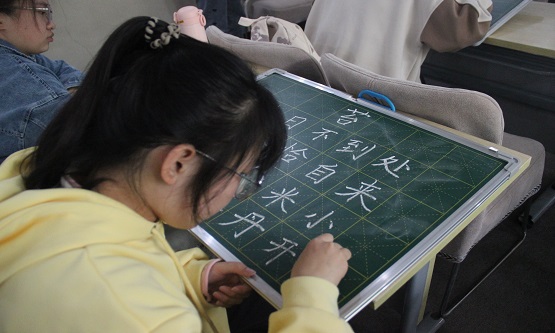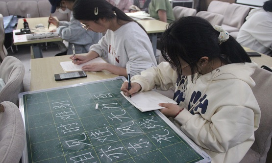 本次活动包括粉笔字、钢笔字、毛笔字三种书写技能比赛。比赛伊始,毛悦梅提出“字如其人,人亦如字”,强调汉字书写规范的重要性,提倡日常要规范写字,注重坚持练习书法,并预祝选手们取得优异成绩。比赛过程中,选手们围绕中华传统诗词、社会主义核心价值观、校风校训等内容精心构思布局,认真完成作品。选手们聚精会神,沉着冷静,提笔自信泰然,落笔行云流水,字里行间展现出师范生的扎实基本素养。硬笔字书写流畅,苍劲隽美;粉笔字工整清秀,规范整齐;毛笔字笔酣墨饱,潇洒飘逸。高岩锋总结发言,书法练习贵在坚持,学院将持续为大家提供物质保障、专业指导和练习平台,在切磋技艺中共同提高。最终,苗玉琪等14名同学被推入校赛。
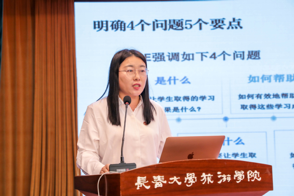 首先,张家成从人才培养方案指导思想设计者视角分享了编制OBE理念指导的人才培养方案设计思想;随后,商学院会计学专业带头人韩道琴、人工智能学院数据科学与大数据技术专业教研室主任梁春达分别从专业带头人和教研室主任的工作视角分享了如何编制OBE理念指导的教学大纲;旅游文化学院旅游管理专业带头人蔡维英、工学院智能建造专业带头人李惠、人工智能学院人工智能专业教研室主任于洋分享了如何进行OBE理念指导的课堂教学设计;最后,教学质量监督办公室督导贾秋锐从教学督导的视角分享了如何就课程目标达成度进行评价和教学持续改进。
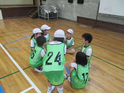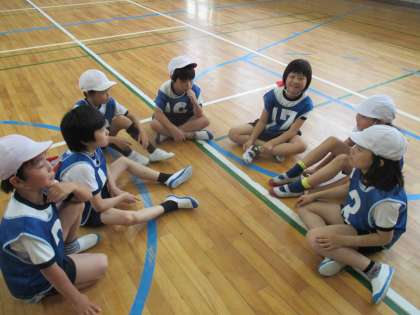 前半と後半の間には,それぞれのチームで作戦を立て,どうしたら相手チームより点が取れるかや,どうやったら守りやすいかを話し合っていました。
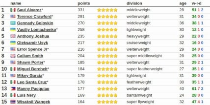 Лидирует в рейтинге мексиканец Сауль Альварес, сместивший американца Теренса Кроуфорда. Чемпион мира по версиям WBA/WBO/IBF/IBO в супертяжелом весе британец Энтони Джошуа поднялся с 9-го на 5-е место. Американец Эррол Спенс-младший, который раньше вообще не находился в десятке лучших, занял 7-ю позицию. Это же касается и британца Каллума Смита с американцем Шоном Портером, которые смогли ворваться в ТОП-10.
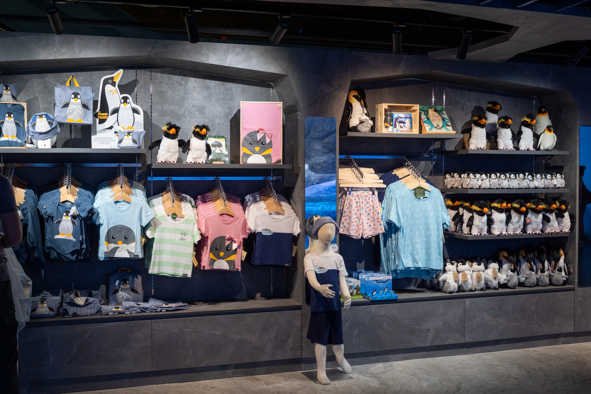 前述のカフェに併設されたショップ。ぬいぐるみやおもちゃ、雑貨など、かわいらしいペンギングッズが多数揃っています。Tシャツをはじめ、キッズ用のアパレルも充実しているので、着替えを現地調達するのも便利です。
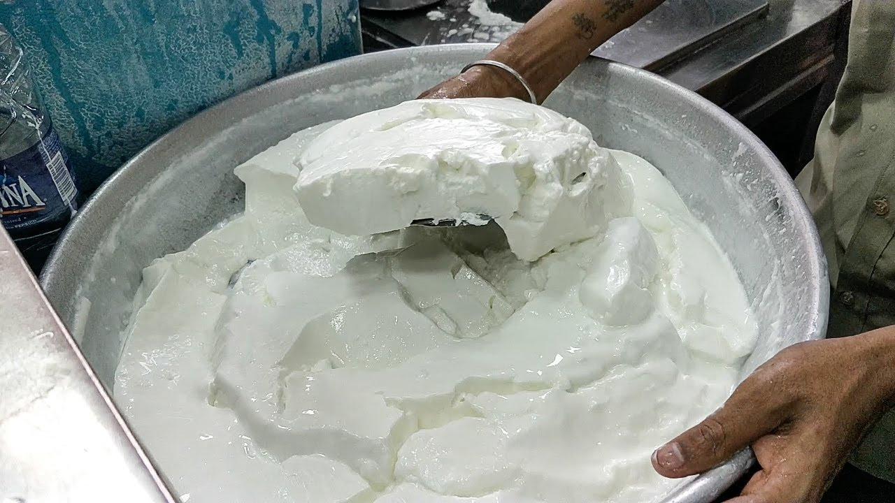 印度特色奶昔是这样做出来的!巨大的盆里全是酸奶!好想喝啊!
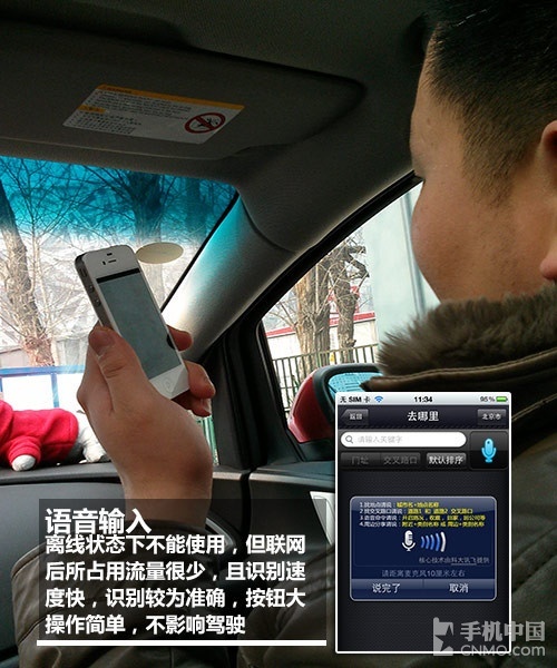 语音输入的准确性和识别率比较不错,但这是建立在手机连接互联网的情况下,我们为了测试高德导航是否能够在完全离线的环境下工作,已经取出了 SIM卡。所以高德导航的语音输入无法直接工作,在启动Wi-Fi热点后才恢复正常工作,不过这个情况仅限于测试,正常使用情况下,高德导航在有望环境下 完全可以正常工作,除了语音输入外还可以显示路况,占用网络流量不多。无望情况下虽然语音输入无法使用,但语音导航功能完全没问题。
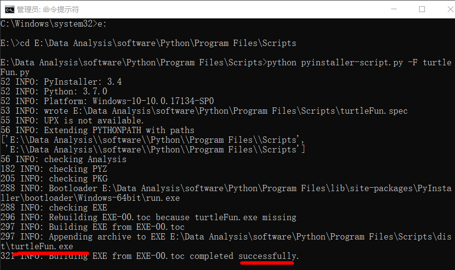 python pyinstaller-script.py -F turtleFun.py
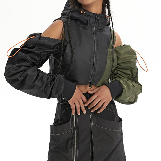 Halloy™ Four-Color Panel Detachable Biker Jacket & Skirt
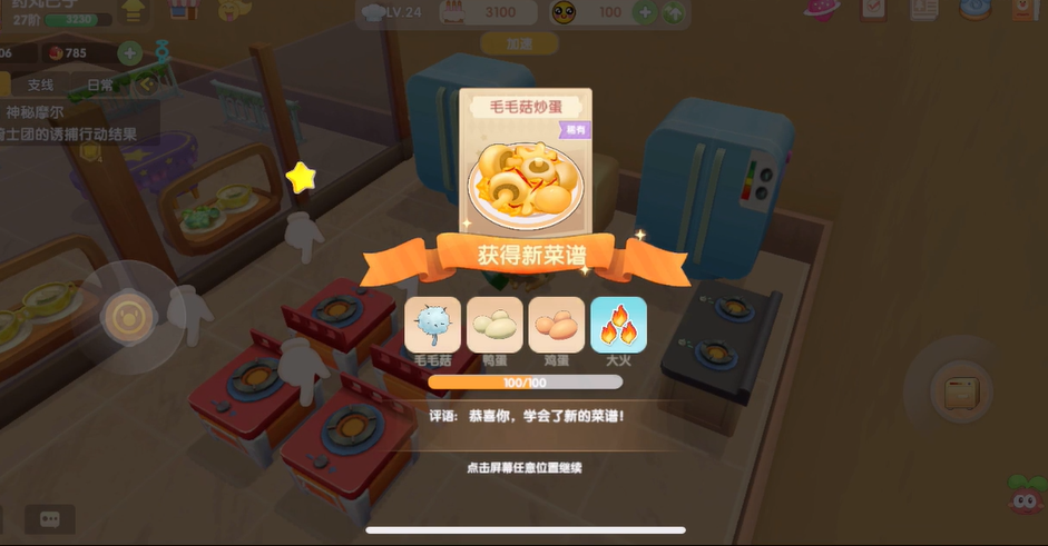 解锁毛毛菇炒蛋的食谱需要通过研究菜谱功能完成,玩家在厨房界面选择研究选项并准确投入食材。所需材料包括毛毛菇三个、鸡蛋三个和鸭蛋两个,投入后选择大火火候进行烹饪,大火能提升约78%的成功率,通常研究两次即可解锁菜谱。烹饪过程耗时约30秒,保温时间为两分三十秒,玩家需及时收取成品。火候控制是关键因素,使用中火或小火可能降低效率。
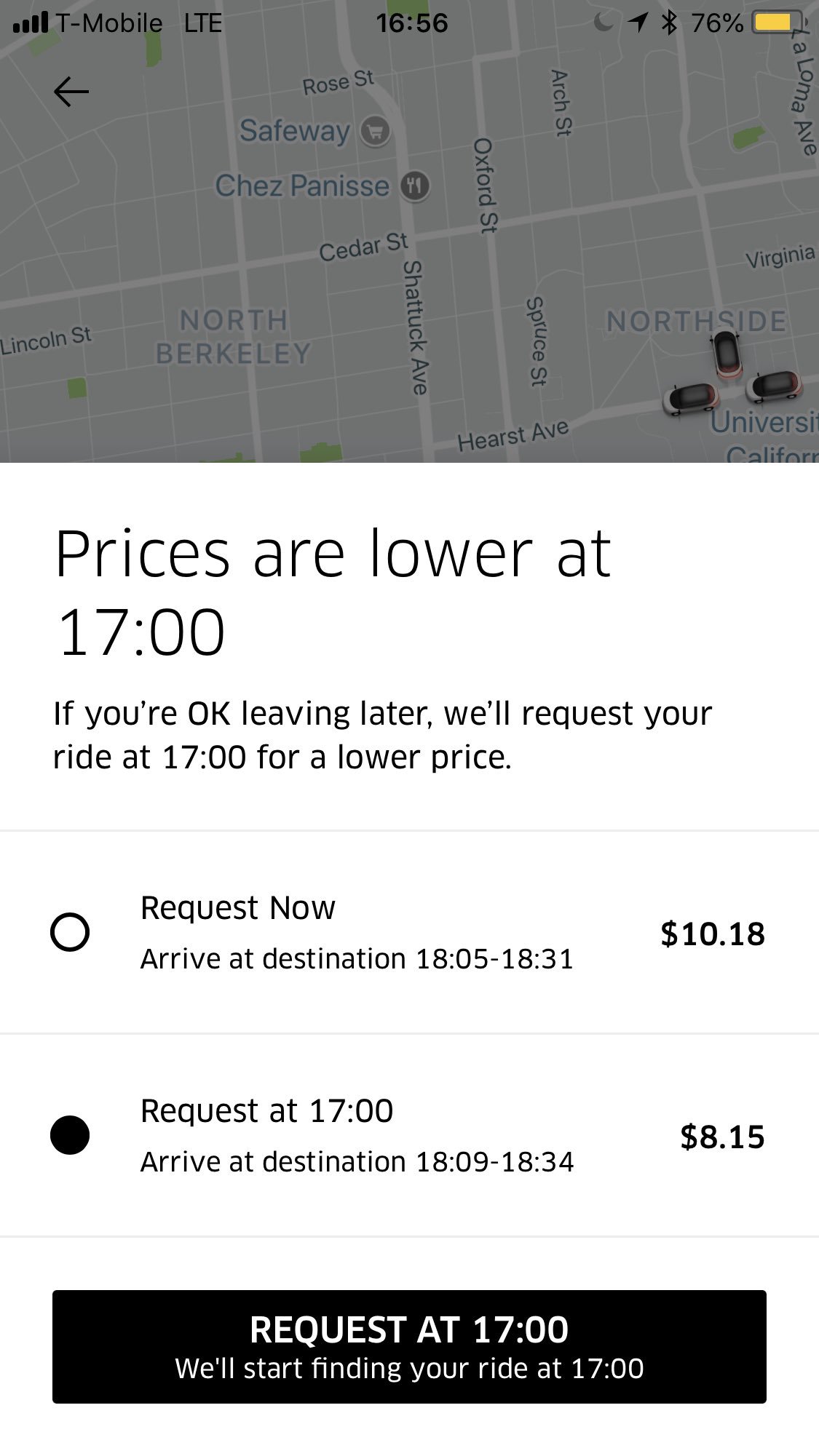 Peu importe, nous avons un aperçu de ce qui pourrait être un futur moyen d’économiser de l’argent tout en aidant Uber à jongler avec la disponibilité de ses chauffeurs. Quelqu’un qui souhaite réserver un chauffeur, mais qui n’a pas besoin de partir dès que possible peut choisir d’attendre un peu plus longtemps en échange d’un tarif plus bas. Ou, si ce n’est pas possible, ils peuvent demander un trajet immédiat et payer le prix le plus fort.
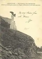 - un haut-relief en pierre représentant formé d'un Torciolan armé guettant la vallée de l'Albarine et d'une femme tenant un étendard. Clément Rocheray, une figure locale, aurait pu servir de modèle au sculpteur ;
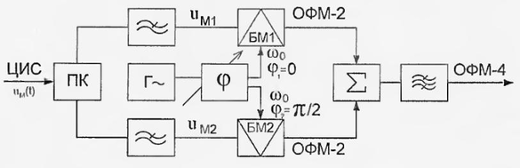 Балансные модуляторы БМ1, БМ2 формируют на выходе 2 ОФМ-2 сигнала, на частоте
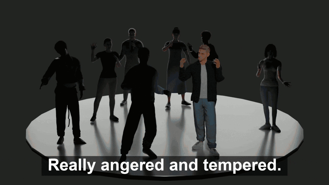 部分渲染后的数据如下(从上到下依次为,生气 – 恐惧 – 惊讶 – 伤心情感下人的动作):
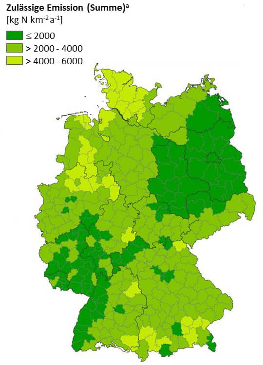 Per soort stikstof de huidige emissie, wat voor milieudoelen het maximum is en hieruit berekend de opgave, op landelijke schaal. Gemiddeld over Duitsland zou de emissie per hectare van 55 naar 25 kg N per hectare moeten dalen.
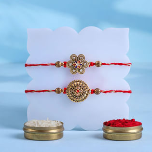 Elegant Floral Rakhi Duo With Almonds N Raisins
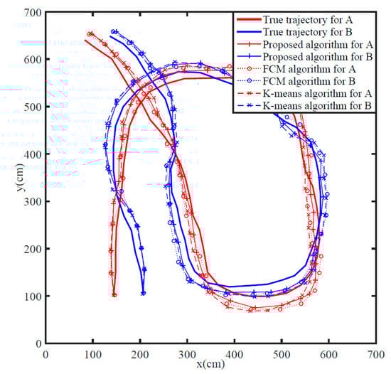 Based on the above experimental setup, sequence data were collected from two closely moving persons and then used to estimate the target trajectory by the presented algorithm, K-means, and FCM methods separately, see Figure 9.
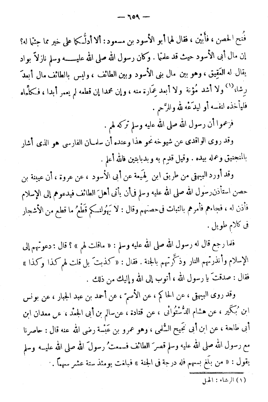 وَكَانَ رَسُولُ اللَّهِ صَلَّى اللَّهُ عَلَيْهِ وَسَلَّمَ نَازِلًا بِوَادٍ يُقَالُ لَهُ الْعَقِيقُ، وَهُوَ بَيْنَ مَالِ بَنِي الْأَسْوَدِ وَبَيْنَ الطَّائِفِ، وَلَيْسَ بِالطَّائِفِ مَالٌ أَبْعَدَ رِشَاءً (1) وَلَا أَشد مُؤنَة وَلَا أَبْعَدَ عِمَارَةً مِنْهُ، وَإِنَّ مُحَمَّدًا إِنْ قَطَّعَهُ لَمْ يَعْمُرْ أَبَدًا، فَكَلِّمَاهُ فَلْيَأْخُذْهُ لِنَفْسِهِ أَوْ لِيَدَعْهُ لِلَّهِ وَلِلرَّحِمِ.
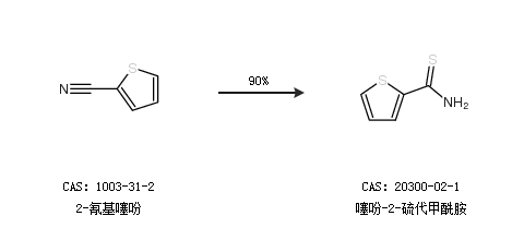 2.通过2-氰基噻吩合成噻吩-2-硫代甲酰胺,收率约90%;
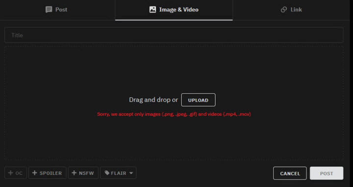 It's simple to follow the steps above to upload a video to Reddit, but many users still suffer from unexpected errors and upload failures. For example, when you drag videos to the new post area, it says "Sorry, we accept only images (.png, jpeg, .gif) and videos (.mp4, .mov)" or "Failed to upload media".
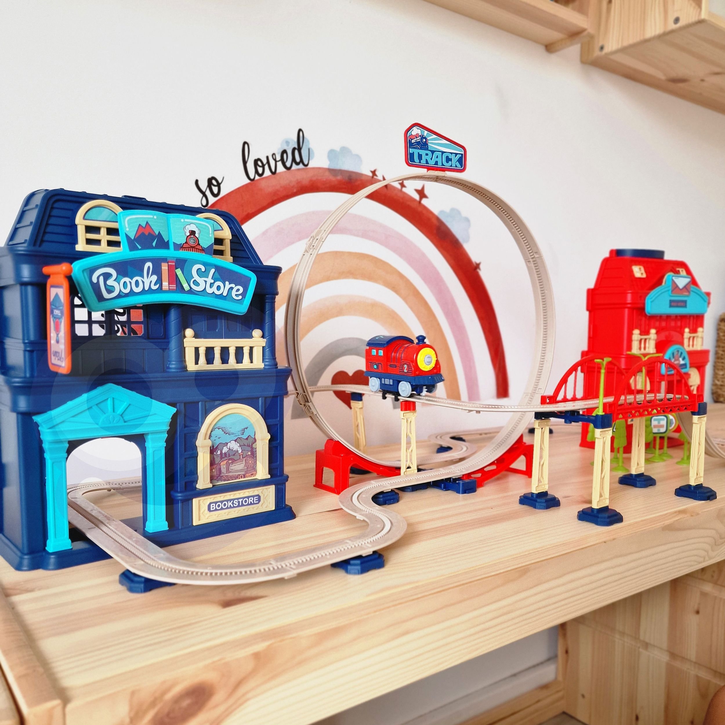 - tor kolejowy o długości ok. 3,5 m z pętlą, wiaduktem i szlabanem daje wiele możliwości układania trasy

▶ **WHAT THE TASK REQUIRES**:
To complete this exercise, transcribe exactly the lines above from the one that holds "Балансные модуляторы БМ1, БМ2" through the one that holds "部分渲染后的数据如下(从上到下依次为,生气 – 恐惧". Pictures stay out.

▶ **RESPONSE AREA**:
 Балансные модуляторы БМ1, БМ2 формируют на выходе 2 ОФМ-2 сигнала, на частоте
 部分渲染后的数据如下(从上到下依次为,生气 – 恐惧 – 惊讶 – 伤心情感下人的动作):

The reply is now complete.